Error plots of the inverse GEM solutions for the pollution flux q(x,t) of Test case 5 for various noise levels of observation data.
Error plots of the inverse GEM solutions for the pollution flux q(x,t) of Test case 5 for various noise levels of observation data.
Error plots of the inverse GEM solutions for the spatial concentration distribution of Test case 5 for various noise levels of observation data.
Error plots of the inverse GEM solutions for the spatial concentration distribution of Test case 5 for various noise levels of observation data.
CONCLUSION
This paper has presented the Green element solutions of the inverse dispersion–advection contaminant transport equation in 2-D orthotropic homogeneous aquifers. The GEM discretization of the differential equation gives rise to an over-determined, ill-conditioned global matrix that is solved by the least square method with Tikhonov regularization, and aided by the SVD of the matrix. Using five examples, the influences on the GEM simulation results are evaluated for various transport modes, values of the Courant number, location of observation points in relation to the pollution source, and errors in observation data. We found the following:
(1) The prediction capability of the pollution source strength by GEM is enhanced by having observation points located in close proximity to the source. This confirms the results of previous numerical investigations and what should be expected intuitively, that the integrity of pollution source recovery depends on that of measured concentrations at observation points which in part is dependent on how close those points are to the source.
(2) The GEM prediction of the source strength is generally better with more dispersion dominant transport than with the advection dominant one; for transient transport, oscillations are observed in the numerical solution at early simulation times but they die out at later times. The challenge in the GEM modelling of the advection-dominant transport problem lies with the inability of the steep concentration profiles associated with such problems to be correctly approximated by the linear interpolation that is used in the current formulation. The use of higher interpolation functions like quadratic and Hermitian functions provides better approximation of the steep concentration fronts and, hence, improved solutions (Taigbenu 1998).
(3) The two-fold influence of the Courant number Cr on the GEM solutions, namely numerical stability and frequency of available sampling data, makes it difficult to determine which influence is dominant in any particular transport case. However, small values of Cr in the GEM simulations generally produce oscillatory solutions at early simulation times when concentration information is not available at observation points, but give accurate solutions at later times when they are available frequently at those points.

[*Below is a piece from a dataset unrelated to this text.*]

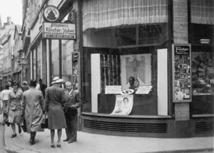"Das europäische Siegeszeichen V, das Viktoria bedeutet, hat auch in der Propaganda in Münster Eingang gefunden, besonders vor zugenagelten oder mit Pappkarton geschlossenen Schaukästen. Hier ist das Siegeszeichen von der Firma Nolte von der Horst-Wessel-Strasse angebracht."
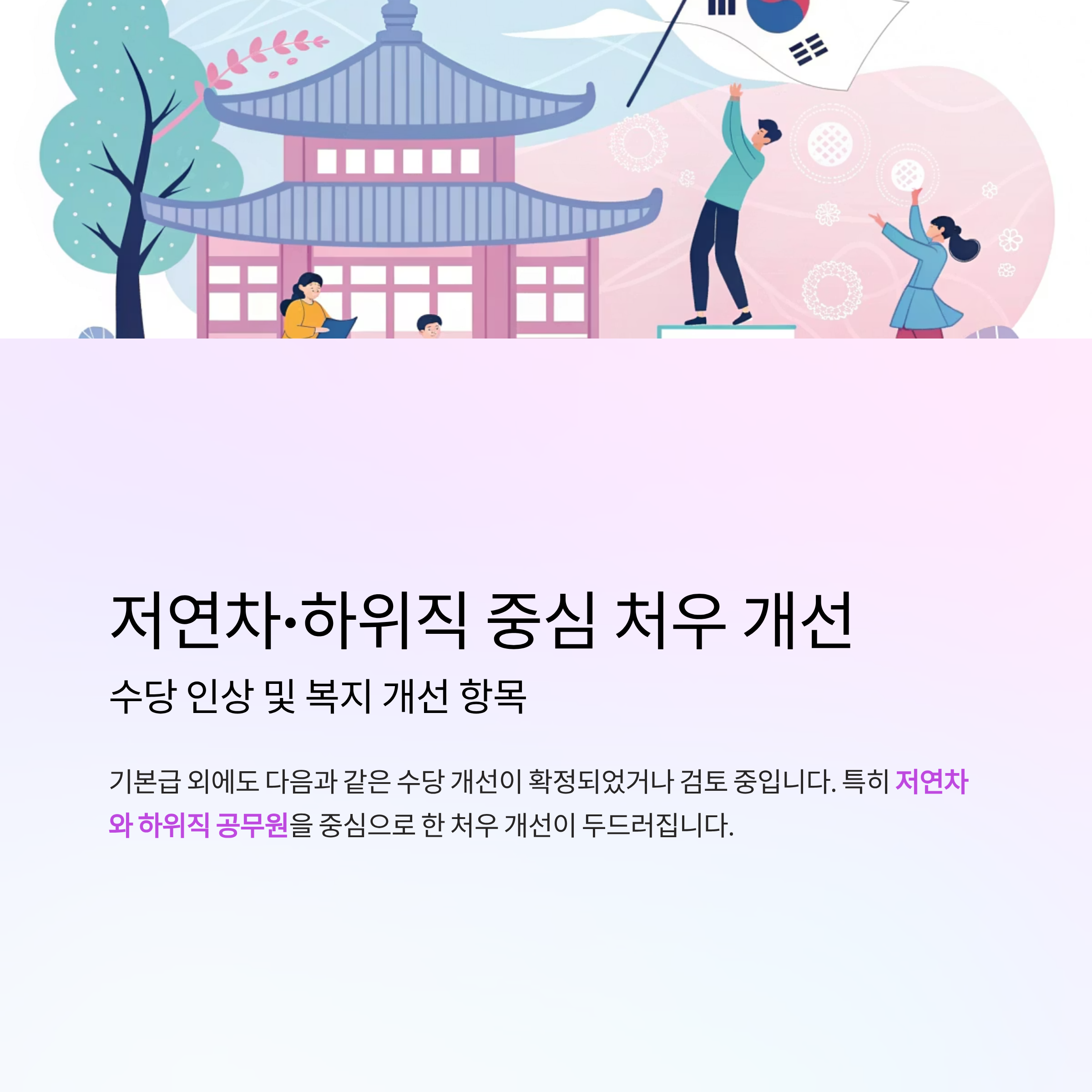 ✓ 저연차·하위직 중심 수당 인상 (직급보조비, 정액급식비)

The oscillations are more pronounced in the GEM solutions for advection-dominant transport than for dispersion-dominant transport.
(4) For the simulated noise levels in the data at observation points, their influence on the recovery of the source strength is significant and, as expected, the influence on the inverse solutions increases with increased noise level in the data.

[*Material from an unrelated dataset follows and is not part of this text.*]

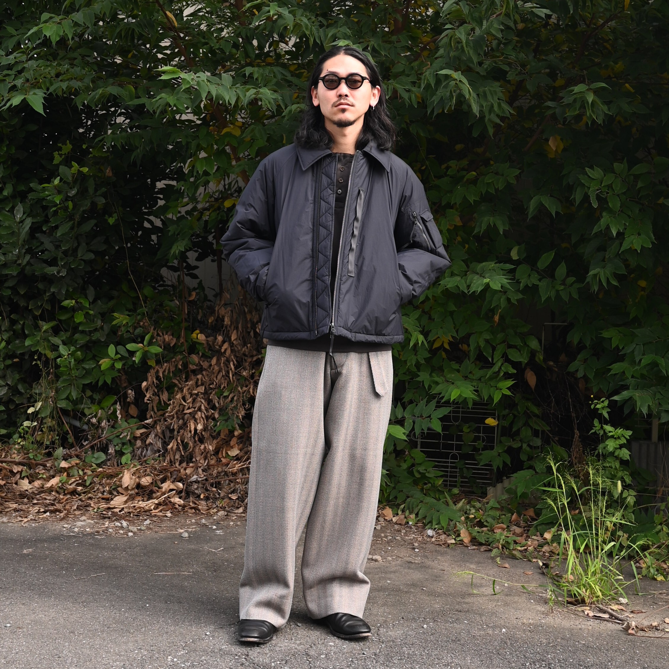 ・こちらの商品は「STRUCTURED DIAGONAL MELANGE WOOL DEADSTOCK PIPING DOUBLE JACKET」https://ganko.base.ec/items/111284684とセットアップで着用可能

(5) Errors in observation measurements have greater influence on the recovery of the pollution source strength than on the historical concentration distribution.
(6) GEM is capable of identifying the active period of pollution sources as well as their strengths when they are active.
The simulations of all the test cases were carried out on a single CPU desktop 64-bit Intel® Core™ i7-2600, 3.40 GHz, 8 GB memory computer, and the simulation times with respect to spatial discretization element and time step ranged from 1.63 × 10−4 seconds for the simple 1-D example to 4.3 × 10−4 seconds for the more challenging 2-D example. These small simulation times are indicative that the proposed methodology is computationally efficient.